The flow state can be entered while performing any activity; however, it is more likely to occur when the task or activity is wholeheartedly engaged for intrinsic purposes. Passive activities such as taking a bath or even watching TV usually do not elicit a flow experience because active engagement is prerequisite to entering the flow state. While the activities that induce flow vary and may be multifaceted, Csikszentmihályi asserts that the experience of flow is similar whatever the activity.

Flow theory postulates that three conditions must be met to achieve flow:
1. The activity must have clear goals and progress. This establishes structure and direction.
2. The task must provide clear and immediate feedback. This helps to negotiate any changing demands and allows adjusting performance to maintain the flow state.
3. Good balance is required between the perceived challenges of the task and one's perceived skills. Confidence in the ability to complete the task is required.

It has been argued that the antecedent factors of flow are interrelated, and as such, a balance between perceived challenges and skills requires that the goals are clear and feedback is effective. Thus, such balance can be identified as the central precondition of flow experience.

In 1987, Massimini, Csíkszentmihályi and Carli published the eight-channel (or eight-sector) model of flow. (See Figure.) Antonella Delle Fave, who worked with Fausto Massimini at the University of Milan, calls this graph the Experience Fluctuation Model. The model depicts the channels of experience that result from different levels of perceived challenges and perceived skills. The graph illustrates another aspect of flow: it is more likely to occur when the activity is a higher-than-average challenge (above the center point) and the individual has above-average skills (to the right of the center point). The center of the graph where the sectors meet represents the average level of challenge and skill across all individual daily activities. The further from the center an experience is, the greater the intensity of that state of being, whether it is flow or anxiety or boredom or relaxation.

Several problems of the model have been discussed in the literature. One is that it does not ensure the perceived balance between challenges and skills, which is said to be the central precondition of flow experience. Individuals with a low average level of skills and a high average level of challenges (or the converse) do not necessarily experience a match between skills and challenges when both are above their individual average. Another study found that low challenge situations which were surpassed by skill were associated with enjoyment, relaxation, and happiness, which, they claim, is contrary to flow theory.

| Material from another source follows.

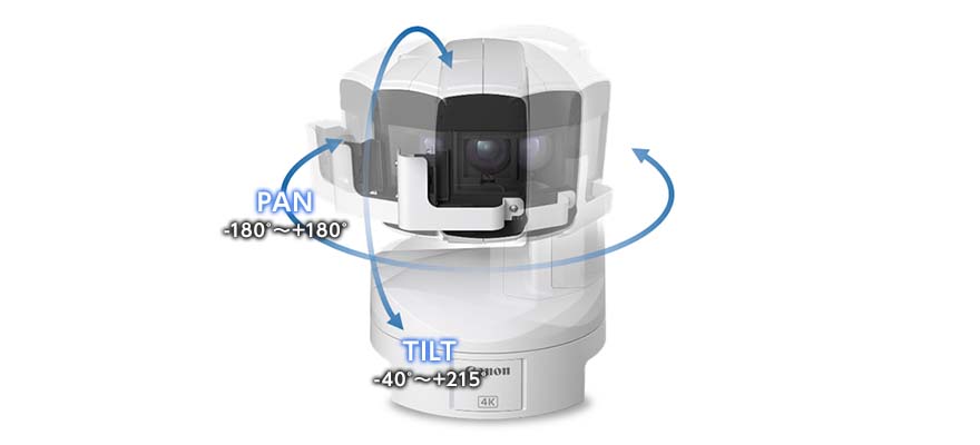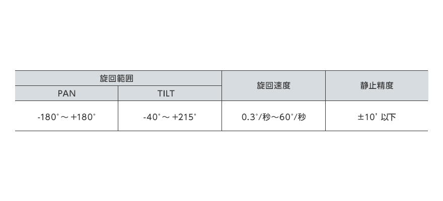パン動作範囲 : 水平 ±180° チルト動作範囲 : 垂直 -40° ~ +215° 旋回速度 0.3° ~ 60°/秒 |

Schaffer (2013) proposed seven flow conditions:
1. Knowing what to do
2. Knowing how to do it
3. Knowing how well one is doing
4. Knowing where to go (if navigation is involved)
5. High perceived challenges
6. High perceived skills
7. Freedom from distractions

Schaffer published a flow condition questionnaire (FCQ), to measure each of these seven flow conditions for any given task or activity.

===Challenges to maintaining flow===
Some of the challenges to staying in flow include states of apathy, boredom, and anxiety. The state of apathy is characterized by easy challenges and low skill level requirements, resulting in a general lack of interest in the activity. Boredom is a slightly different state that occurs when challenges are few, but one's skill level exceeds those challenges causing one to seek higher challenges. A state of anxiety occurs when challenges are high enough to exceed perceived skill level, causing distress and uneasiness. These states in general prevent achieving the balance necessary for flow. Csíkszentmihályi has said, "If challenges are too low, one gets back to flow by increasing them. If challenges are too great, one can return to the flow state by learning new skills."

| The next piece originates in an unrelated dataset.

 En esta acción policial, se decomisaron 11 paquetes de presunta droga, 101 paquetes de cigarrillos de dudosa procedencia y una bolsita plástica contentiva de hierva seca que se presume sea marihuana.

===The autotelic personality===
Csíkszentmihályi hypothesized that people with certain personality traits may be better able to achieve flow than the average person. These traits include curiosity, persistence, low egotism, and a high propensity to perform activities for intrinsic reasons. People with most of these personality traits are said to have an autotelic personality, i.e. a disposition to actively seek challenges and flow experiences. The term "autotelic" derives from two Greek words, autos ("self") and telos ("end" or "goal").

There is scant research on the autotelic personality, but results of the few studies that have been conducted suggest that indeed some people are more likely to experience flow than others. One researcher (Abuhamdeh, 2000) found that people with an autotelic personality have a greater preference for "high-action-opportunity, high-skills situations that stimulate them and encourage growth" compared to those without an autotelic personality. It is in such high-challenge, high-skills situations that people are most likely to experience flow.

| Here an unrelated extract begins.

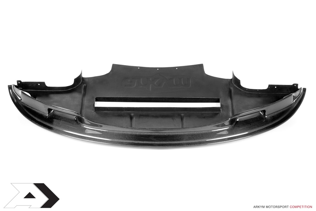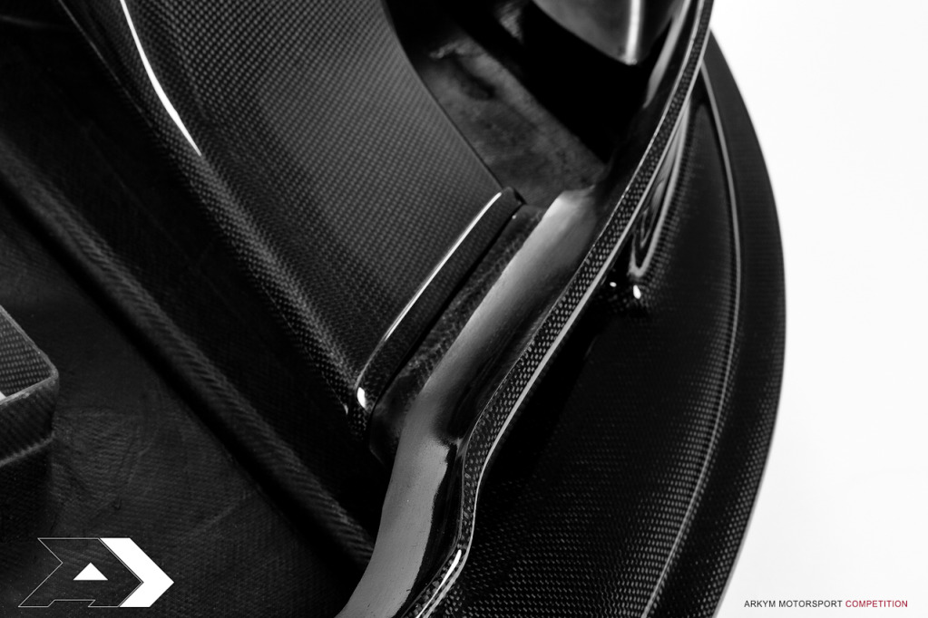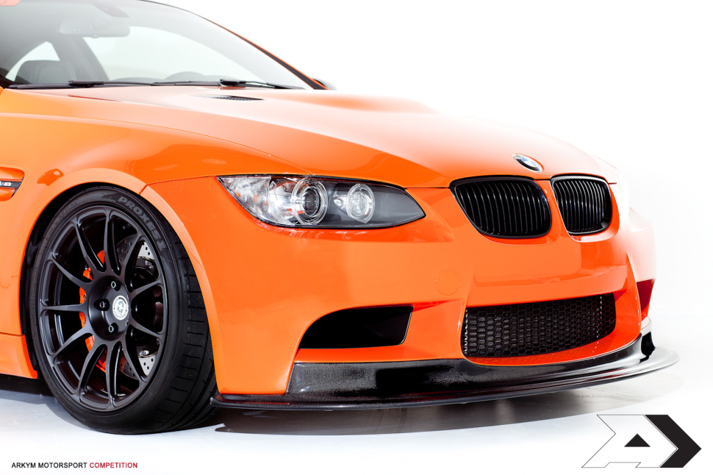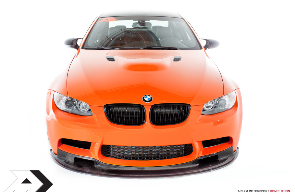 The latest upgrade to the already aggressive M3 bodystyle makes no exception. ARKYM introduces the Motorsport Competition Front Spoiler Package, a combination of form and function, suitable for street and race track driving. Made out of carbon fiber, the front-end kit integrates stability Carbon Kewlar strakes. Detachable brake ducts come standard along with an extended one-inch, downforce inducing, aggressive plane.

Experimental evidence shows that a balance between individual skills and demands of the task (compared to boredom and overload) only elicits the flow experience in individuals having an internal locus of control or a habitual action orientation. Several correlational studies found need for achievement to be a personal characteristic that fosters flow experiences.

Autotelic Personality also has been shown in studies to correlate and show overlapping of flow in personal life and the Big Five Personality Traits of Extraversion, Agreeableness, Conscientiousness, Neuroticism, and Openness to Experience, especially the traits of agreeableness and extraversion. Study of Autotelic Personality is difficult as most studies are performed through self-evaluation, a recognized difficulty for Big Five questionnaires.

==Group==

More than one type of flow exists. Group flow (or team flow) is notably different from independent flow, as it is inherently mutual. Group flow is attainable when the performance unit is a group, such as a team or musical group. When groups cooperate to agree on goals and patterns, social flow, commonly known as group cohesion, is much more likely to occur. If a group still has not entered flow, a team-level challenge may stimulate the group to harmonize. Group flow is different from synchronized solitary flow, in which a group is simultaneously experiencing individual flow. Group Flow occurs in an interpersonal manner, in which the act of others being present is inherent to the cause of the state of flow.

In research presented in a review written by PLoS ONE, Pels et al. stated, "Group contexts introduce many additional variables that cause individuals to act, think, and feel differently during group situations compared to solitary situations." Due to these additional variables, the cause and effect of flow are vastly different and unique to the experience of individual flow, hence providing evidence for the existence of a separate flow state: group flow.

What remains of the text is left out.